The result should be an exact copy of every record, with no pictures kept.
◆ ◆ ◆ ◆ ◆
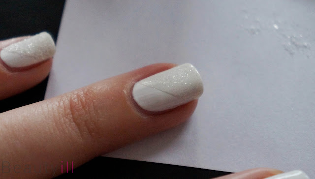Vervolgens trek je een schuine lijn met China Glaze White Cap die een mooie glitterbasis vormt voor de glitters. Deze glitters druk je er goed op om zoveel mogelijk glitters in de lak te krijgen (en te houden!).
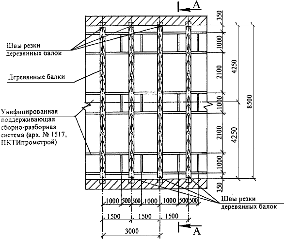 - балка подпирается в трех местах со стороны опор (у стен) и в середине ее пролета инвентарной переставной сборно-разборной поддерживающей системой или телескопическими стойками;
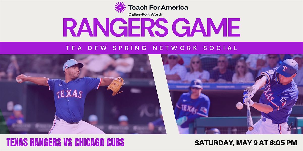 Join us on Saturday, May 9 at 6:05 PM as the Texas Rangers take on the Chicago Cubs at Globe Life Field. This is a great opportunity to reconnect with fellow alumni and corps members, expand your network, and enjoy a fun spring evening together.
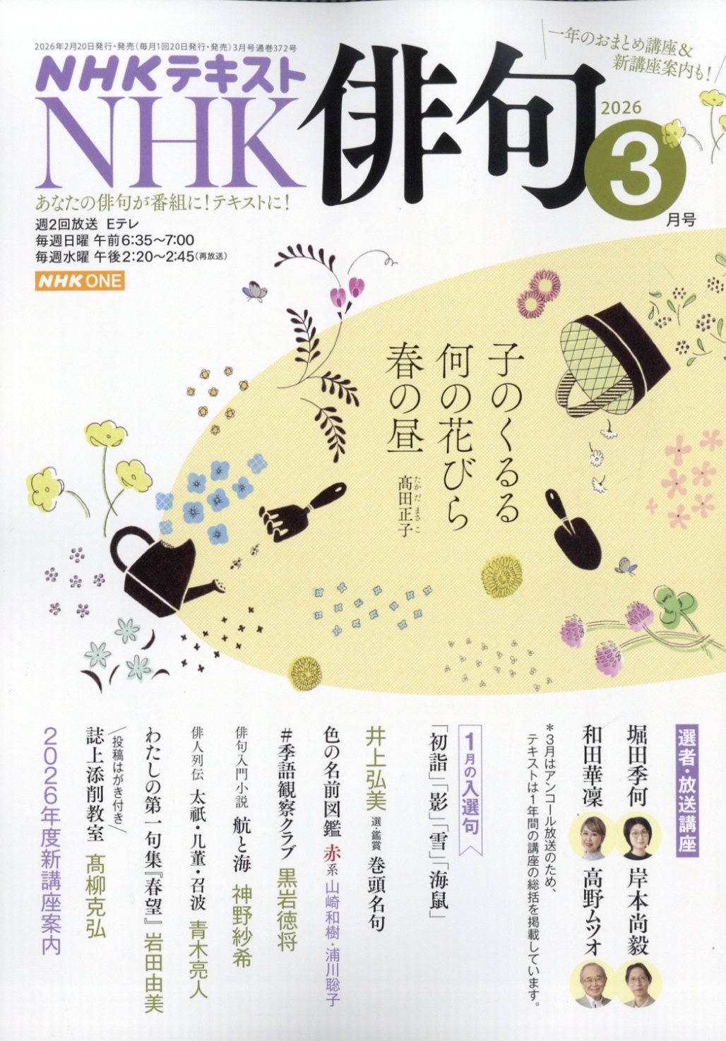 発売日:2026年02月19日/商品ID:7966094/ジャンル:DOMESTIC MAGAZINE/フォーマット:Magazine/構成数:1/レーベル:NHK出版/タイトル:NHK 俳句 2026年 03月号 [雑誌]/タイトルカナ:NHKハイク
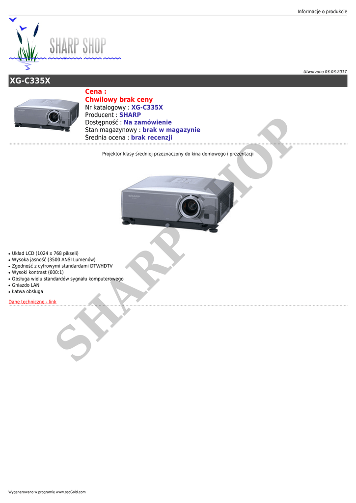 Informacje o produkcie Utworzono 03-03-2017 XG-C335X Nr katalogowy : XG-C335X Producent : SHARP Dostępność : Na zamówienie Stan magazynowy : brak w magazynie Średnia ocena : brak recenzji P Cena : Chwilowy brak ceny ● ● ● ● ● ● Układ LCD (1024 x 768 pikseli) Wysoka jasność (3500 ANSI Lumenów) Zgodność z cyfrowymi standardami DTV/HDTV Wysoki kontrast (600:1) Obsługa wielu standardów sygnału komputerowego Gniazdo LAN Łatwa obsługa SH Dane techniczne - link AR ● P SH O Projektor klasy średniej przeznaczony do kina domowego i prezentacji Wygenerowano w programie www.oscGold.com
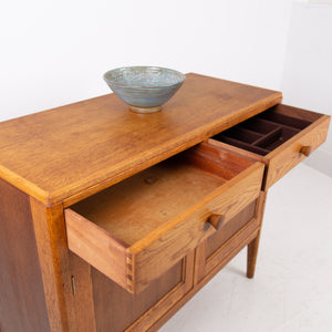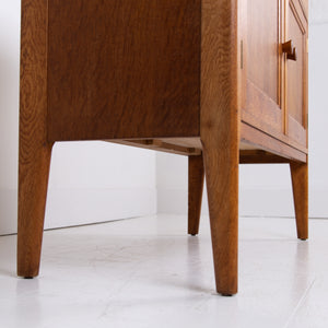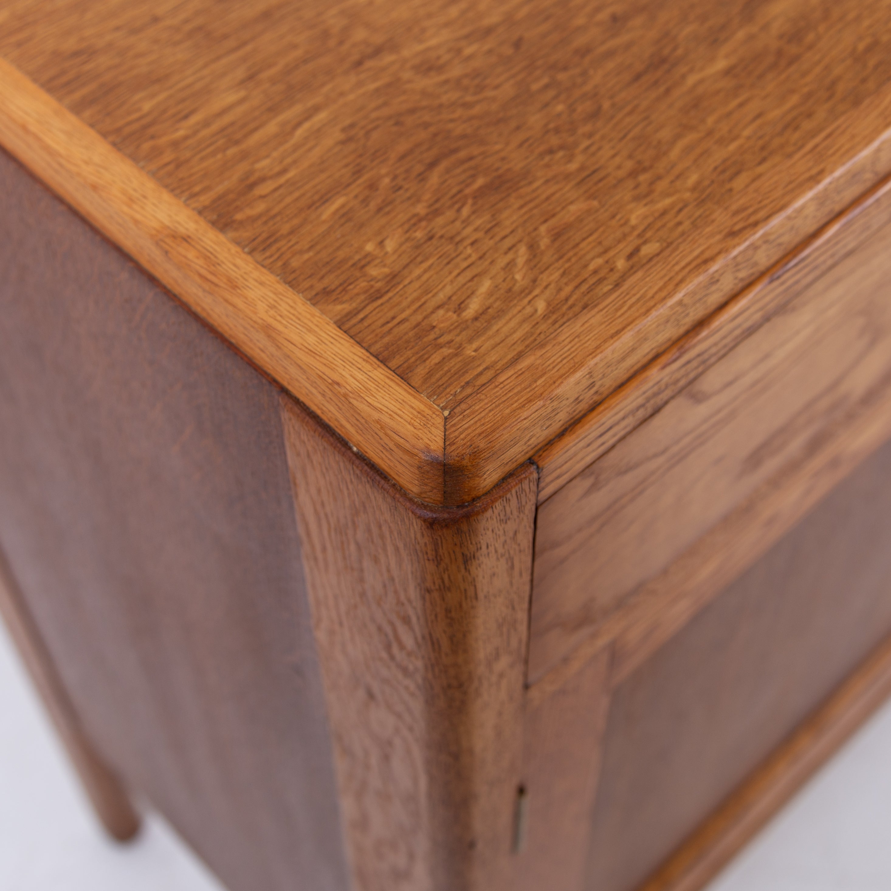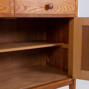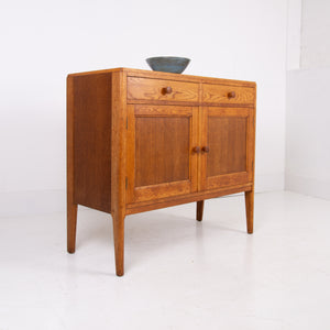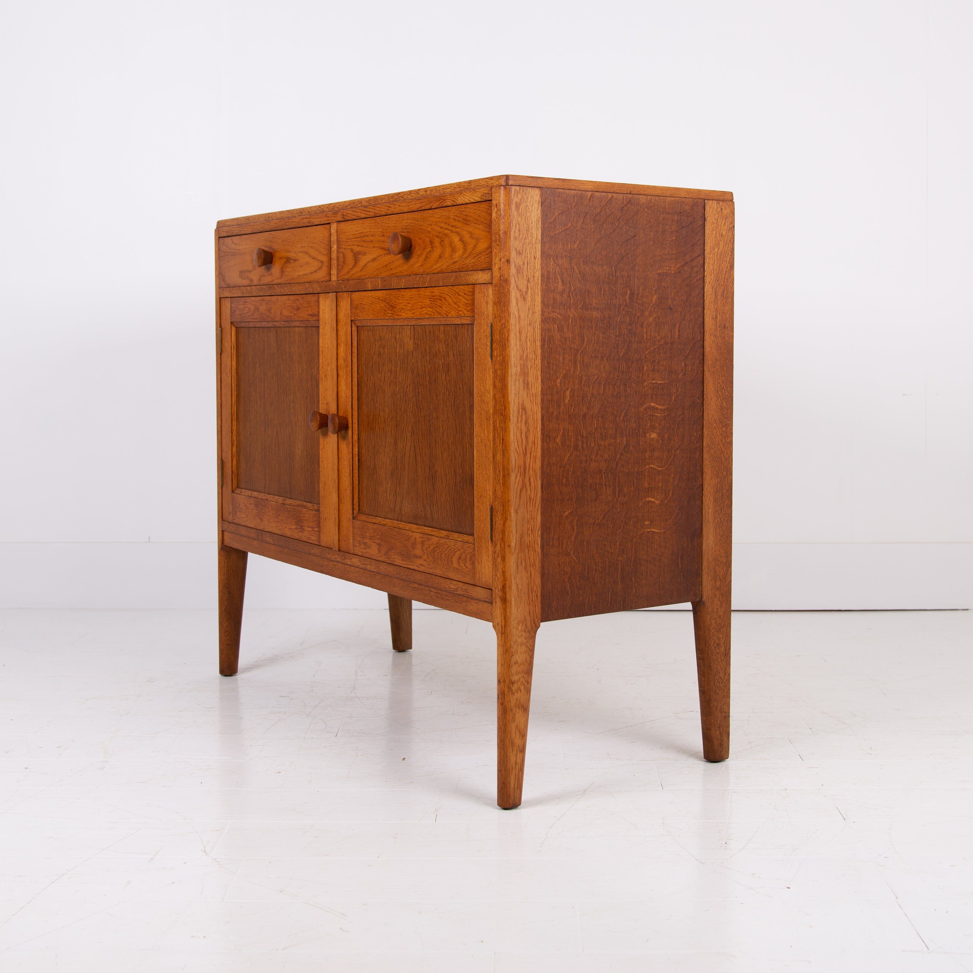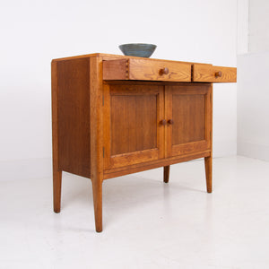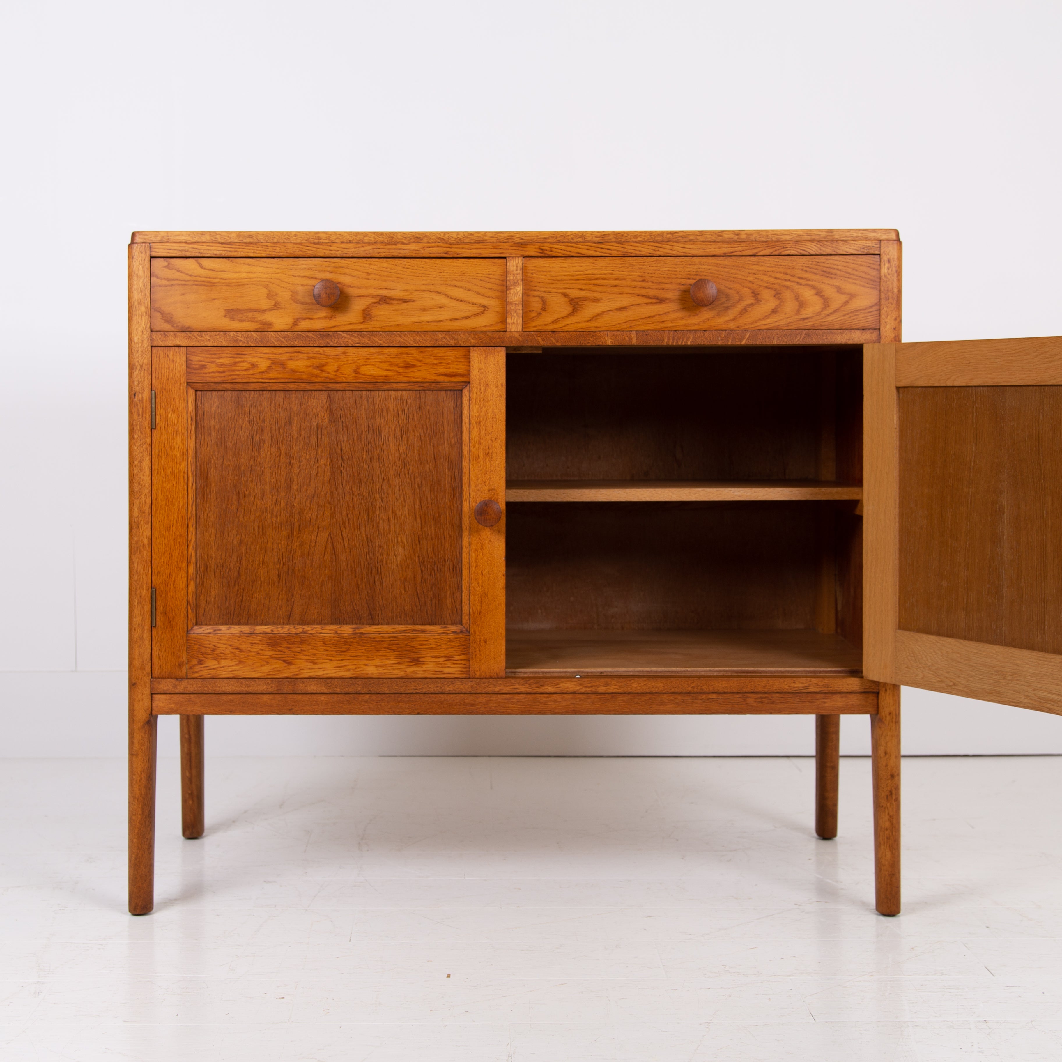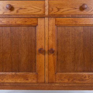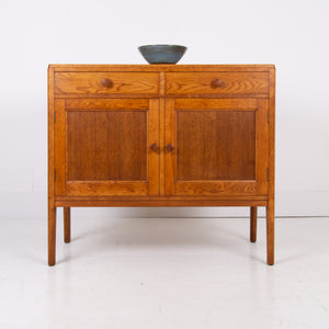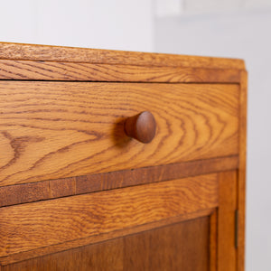 The design very much echoes the Cotswold School in style and this one sits in a pleasing “golden” tone and is in a lovely lightly aged condition with its simple stance, well shaped oak knobs and highly useful and attractive combination of 2 door shelved cupboard with a pair of decent sized drawers on top.
◆ ◆ ◆ ◆ ◆
§ **WRITTEN RESPONSE**:
Vervolgens trek je een schuine lijn met China Glaze White Cap die een mooie glitterbasis vormt voor de glitters. Deze glitters druk je er goed op om zoveel mogelijk glitters in de lak te krijgen (en te houden!).
 - балка подпирается в трех местах со стороны опор (у стен) и в середине ее пролета инвентарной переставной сборно-разборной поддерживающей системой или телескопическими стойками;
 Join us on Saturday, May 9 at 6:05 PM as the Texas Rangers take on the Chicago Cubs at Globe Life Field. This is a great opportunity to reconnect with fellow alumni and corps members, expand your network, and enjoy a fun spring evening together.
 発売日:2026年02月19日/商品ID:7966094/ジャンル:DOMESTIC MAGAZINE/フォーマット:Magazine/構成数:1/レーベル:NHK出版/タイトル:NHK 俳句 2026年 03月号 [雑誌]/タイトルカナ:NHKハイク
 Informacje o produkcie Utworzono 03-03-2017 XG-C335X Nr katalogowy : XG-C335X Producent : SHARP Dostępność : Na zamówienie Stan magazynowy : brak w magazynie Średnia ocena : brak recenzji P Cena : Chwilowy brak ceny ● ● ● ● ● ● Układ LCD (1024 x 768 pikseli) Wysoka jasność (3500 ANSI Lumenów) Zgodność z cyfrowymi standardami DTV/HDTV Wysoki kontrast (600:1) Obsługa wielu standardów sygnału komputerowego Gniazdo LAN Łatwa obsługa SH Dane techniczne - link AR ● P SH O Projektor klasy średniej przeznaczony do kina domowego i prezentacji Wygenerowano w programie www.oscGold.com
 The design very much echoes the Cotswold School in style and this one sits in a pleasing “golden” tone and is in a lovely lightly aged condition with its simple stance, well shaped oak knobs and highly useful and attractive combination of 2 door shelved cupboard with a pair of decent sized drawers on top.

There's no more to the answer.